▸ What is needed
Which lines in the listing below contain "parte"? Copy each of them.

▸ Provided data
____________________
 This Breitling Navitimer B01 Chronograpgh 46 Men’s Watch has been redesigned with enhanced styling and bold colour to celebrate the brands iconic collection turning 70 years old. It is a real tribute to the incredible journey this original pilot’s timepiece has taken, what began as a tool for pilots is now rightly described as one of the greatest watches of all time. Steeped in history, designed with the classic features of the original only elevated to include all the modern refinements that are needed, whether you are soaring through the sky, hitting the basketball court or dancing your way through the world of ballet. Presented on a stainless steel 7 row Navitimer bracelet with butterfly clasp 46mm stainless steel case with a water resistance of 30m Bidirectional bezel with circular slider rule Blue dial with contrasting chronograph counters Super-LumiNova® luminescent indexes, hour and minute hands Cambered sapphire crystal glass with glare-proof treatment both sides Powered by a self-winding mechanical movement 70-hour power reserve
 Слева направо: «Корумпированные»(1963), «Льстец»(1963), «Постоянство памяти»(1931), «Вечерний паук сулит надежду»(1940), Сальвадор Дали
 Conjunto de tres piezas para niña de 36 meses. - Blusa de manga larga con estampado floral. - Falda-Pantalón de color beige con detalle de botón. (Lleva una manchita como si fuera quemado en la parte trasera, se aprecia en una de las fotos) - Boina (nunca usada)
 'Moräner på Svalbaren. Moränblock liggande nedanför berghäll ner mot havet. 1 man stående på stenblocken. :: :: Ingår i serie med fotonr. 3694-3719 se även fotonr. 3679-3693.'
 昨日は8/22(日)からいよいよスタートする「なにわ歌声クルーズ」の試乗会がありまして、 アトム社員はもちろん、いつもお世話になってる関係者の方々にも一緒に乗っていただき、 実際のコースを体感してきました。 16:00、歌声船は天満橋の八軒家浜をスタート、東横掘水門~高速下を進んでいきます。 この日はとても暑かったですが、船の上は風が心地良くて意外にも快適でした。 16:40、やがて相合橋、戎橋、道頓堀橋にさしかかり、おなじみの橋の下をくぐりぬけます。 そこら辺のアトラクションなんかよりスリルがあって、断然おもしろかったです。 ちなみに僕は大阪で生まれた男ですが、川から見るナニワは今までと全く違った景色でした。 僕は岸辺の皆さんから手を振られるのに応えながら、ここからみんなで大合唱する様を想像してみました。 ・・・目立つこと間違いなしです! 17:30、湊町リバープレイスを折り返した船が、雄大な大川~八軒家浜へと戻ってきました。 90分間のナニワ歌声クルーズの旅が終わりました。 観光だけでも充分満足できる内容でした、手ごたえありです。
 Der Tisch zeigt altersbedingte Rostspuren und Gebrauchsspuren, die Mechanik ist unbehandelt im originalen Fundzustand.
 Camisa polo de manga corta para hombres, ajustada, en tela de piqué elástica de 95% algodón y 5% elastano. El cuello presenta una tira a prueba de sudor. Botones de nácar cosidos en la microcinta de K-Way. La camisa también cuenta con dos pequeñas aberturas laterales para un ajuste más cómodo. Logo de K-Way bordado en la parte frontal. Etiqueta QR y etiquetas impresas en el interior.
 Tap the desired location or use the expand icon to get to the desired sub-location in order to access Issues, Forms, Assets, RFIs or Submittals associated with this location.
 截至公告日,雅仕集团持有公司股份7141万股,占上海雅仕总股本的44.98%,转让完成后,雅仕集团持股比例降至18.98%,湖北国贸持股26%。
____________________
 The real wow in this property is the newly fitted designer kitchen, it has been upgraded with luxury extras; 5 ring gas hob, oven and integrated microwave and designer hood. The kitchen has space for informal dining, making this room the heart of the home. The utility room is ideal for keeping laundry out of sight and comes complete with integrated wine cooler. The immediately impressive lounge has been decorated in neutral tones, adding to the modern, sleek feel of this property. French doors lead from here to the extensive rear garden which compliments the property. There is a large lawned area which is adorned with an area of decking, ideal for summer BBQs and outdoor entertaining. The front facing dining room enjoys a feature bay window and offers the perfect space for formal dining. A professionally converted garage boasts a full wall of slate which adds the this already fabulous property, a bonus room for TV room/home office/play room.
____________________
▸ Answer space
 Conjunto de tres piezas para niña de 36 meses. - Blusa de manga larga con estampado floral. - Falda-Pantalón de color beige con detalle de botón. (Lleva una manchita como si fuera quemado en la parte trasera, se aprecia en una de las fotos) - Boina (nunca usada)
 Camisa polo de manga corta para hombres, ajustada, en tela de piqué elástica de 95% algodón y 5% elastano. El cuello presenta una tira a prueba de sudor. Botones de nácar cosidos en la microcinta de K-Way. La camisa también cuenta con dos pequeñas aberturas laterales para un ajuste más cómodo. Logo de K-Way bordado en la parte frontal. Etiqueta QR y etiquetas impresas en el interior.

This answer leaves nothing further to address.